Life Lesson #53: You only have one chance to make a first impression. Unless the person forgets you, and then you can totally make a second impression. But that’s it. No third impressions.

I’m sure you’ve noticed that April’s weather has been…how shall we say…absolute crap. I’m a huge fan of spring, so this has irked me like few things can. (Real talk: lots of things irk me. People being super-late. Germs. Lying. Super-late lying germs. You get the idea.) Anyway, since the weather outside was frightful, I decided to clean my office.

You guys, I think I’m a hoarder. Or at least I have hoarder tendencies. For reals.

Karl has always suggested that this is true (it first came up when we cleaned out the storage room in the basement. I pared down about 12 large Rubbermaid containers to a far more manageable 11).

I think he’s right. Gah. It pains me to say that. It pains me more to type it and know it will exist on the interwebs for all eternity. Karl. Was. Right.

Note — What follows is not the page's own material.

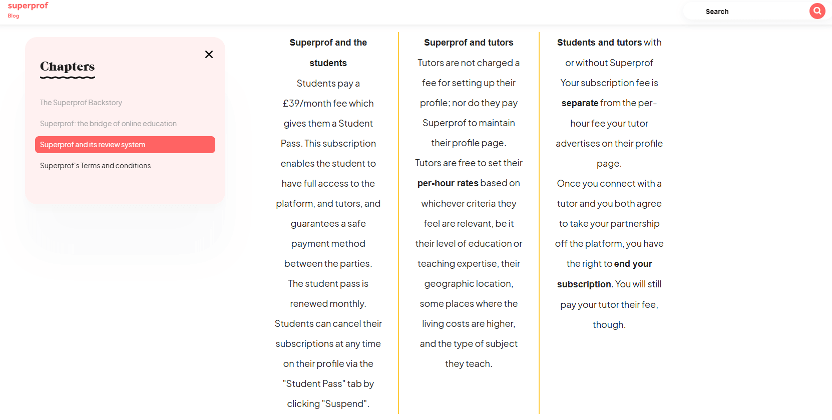 Are there hidden fees? The only required fee is the Student Pass for students. Superprof does not charge commission or booking fees beyond that. Still, users should be aware that contacting tutors costs the subscription, even if no lesson happens.

Anyway, over the course of this ill-fated weekend, I managed to stumble upon even more journals/diaries/reams and reams and reams of paper with my scribblings on them.

(I seriously owe the forests of tomorrow quite a few trees. Note to self: buy seedlings.)

I found this absolutely *delightful* journal of my writing from grade 4-5. Are you ready to take a trip back to 1989-1990? Are you ready to learn about some sweet baby-sitting techniques from someone who had, at that point in time, never babysat anyone in her life but had read many, many, many Babysitters Club books? Are you ready to learn about what was fashionable in my mind in those days?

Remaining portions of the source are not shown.